Summary of "At War's End: Building Peace After Civil Conflict"

 

Summary of

At War's End: Building Peace After Civil Conflict

By Roland Paris

Summary written by Eric Brahm, Conflict Research Consortium


Citation: Paris, Roland. 2004. At War's End : Building Peace After Civil Conflict. Cambridge, U.K. ; New York, NY: Cambridge University Press.


In the post-Cold War world, it has been a widely held assumption amongst scholars and policymakers that the sure prescription for peace after civil conflict is the rapid implementation of liberal democracy and market-oriented economics. In this thought provoking work, Roland Paris argues that this Wilsonian approach, as he calls it, is unsubstantiated and a look at the empirical record suggests, at worst, that liberalization has just the opposite effect. While not suggesting any countries are worse off for having UN peacebuilding operations, the empirical record suggests greater caution as to assertions about the liberal peace thesis. Although liberal market-oriented democracies may be more peaceful, the transformation process is fraught with danger.

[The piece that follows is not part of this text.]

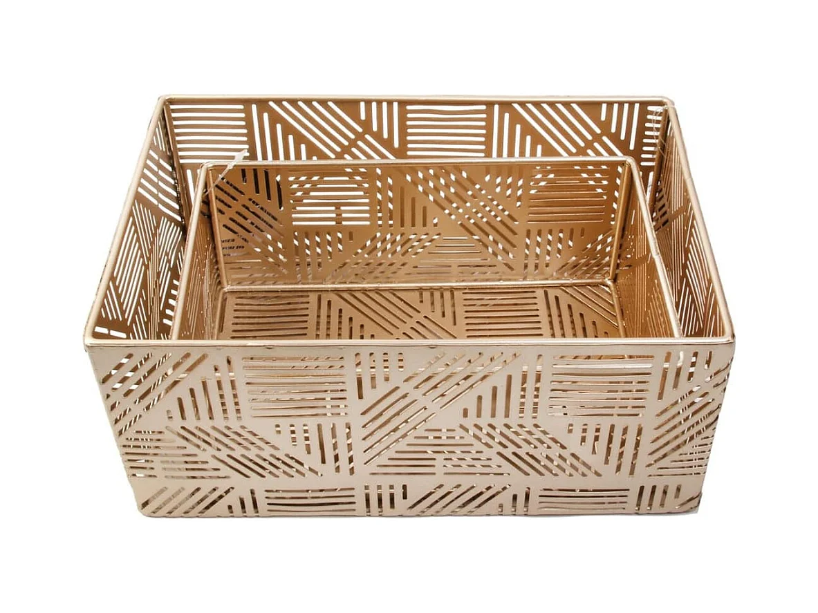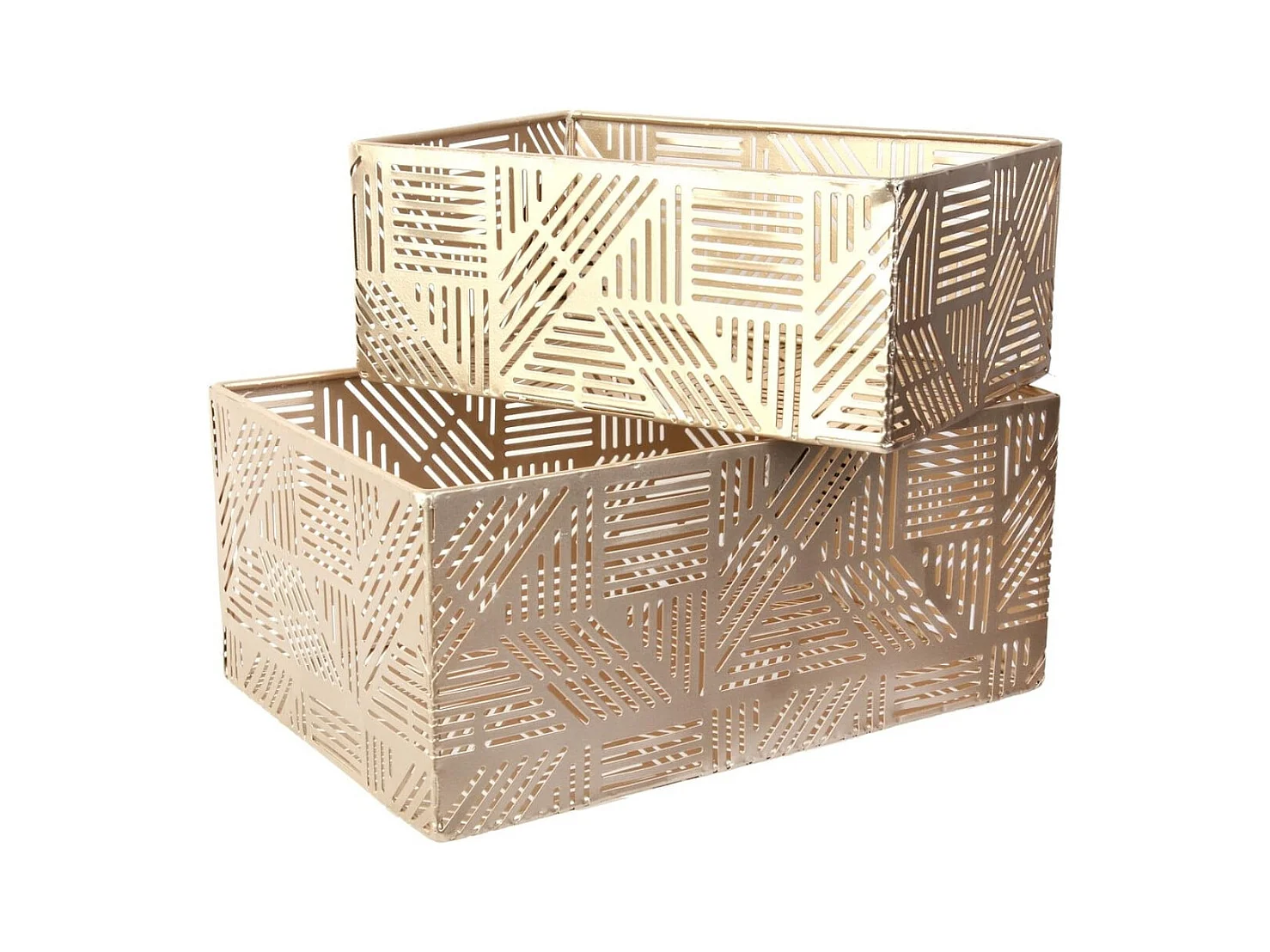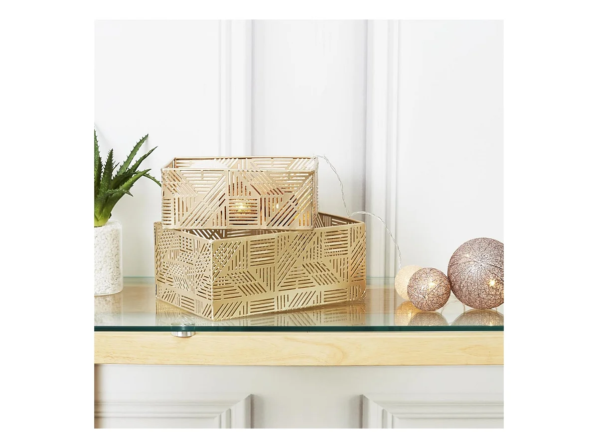 Lot de 2 Paniers de Rangements en Métal Doré Ajouré Motif Géométrique - GLOWUP

Paris tests these claims against the eleven UN peacebuilding operations deployed between 1989 and 1998. He begins with Angola and Rwanda, the clearest examples of peacebuilding failure. In both cases, rather than democratic reforms promoting pacifying tendencies, electoral loss and distrust of powersharing arrangements pushed combatants back onto the battlefield. In Cambodia and Liberia, although initial elections gave reason for optimism, the new governments quickly reverted to anti-democratic practices as electoral competition soon spilled into deadly conflict. Lessons from the Balkans are similarly disheartening. In Bosnia, democratization brought extremists to power, which were only tempered by Western meddling. Croatia's significant success can be attributed more to the fact that one side, the Serbs, largely fled the country rather than to the benefits of democratic and economic reform. In the Central American cases of Nicaragua, El Salvador, and Guatemala, the record is more mixed. For the moment, democratic development appears to be in good shape as former combatants have not returned to violence after suffering electoral defeat. At the same time, economic liberalization appears to be recreating the very sources of the prior conflict. Marketization has exascerbated inequality within each of the states, which has fueled soaring crime rates. This in turn has led to growing calls for the military to step in and restore order. Finally, while Namibia and Mozambique are clear successes, Paris argues this does not entirely vindicate the Wilsonian paradigm. Both conflicts were in significant part fueled by external forces (Rhodesia and South Africa) so the complications of former combatants living side-by-side were minimized. Both also face potential problems in the future as some see Namibia becoming a one-party state and Mozambique facing rising economic inequality and a growing crime problem. While considering it premature to make definitive conclusions on Wilsonianism, Paris concludes that "the case studies do suggest that the liberalization process either contributed to a rekindling of violence or helped to recreate the historic sources of violence in many of the countries that have hosted these missions - a conclusion that casts doubts on the reliability of the peace-through-liberalization strategy as it has been practiced to date." (155)

So, what is to be done? Paris argues that much of the problem is inherent in the logic of market democracy itself, namely that it encourages competition and conflict. Where institutions are lacking to govern political and economic competition, violence could result. After considering and rejecting the alternatives of partition and building authoritarian regimes as precursor, Paris explores how the Wilsonian model could be made better. His solution, which he calls Institutionalization Before Liberalization (IBL), is for peacebuilders to focus on constructing institutions that can provide political stability and effective administration prior to initiating political and economic competition. The key elements of this strategy are (188-207):

  1. Wait until conditions are ripe for elections
  2. Design electoral systems that reward moderation
  3. Promote good civil society
  4. Control hate speech
  5. Adopt Conflict-Reducing Economic Policies
  6. The common denominator: rebuild effective state institutions

As Paris concludes, to follow these guidelines and achieve the hoped for outcome, however, requires both greater coordination on the part of the international community and a greater willingness to accept the political and economic costs of longer, more involved operations.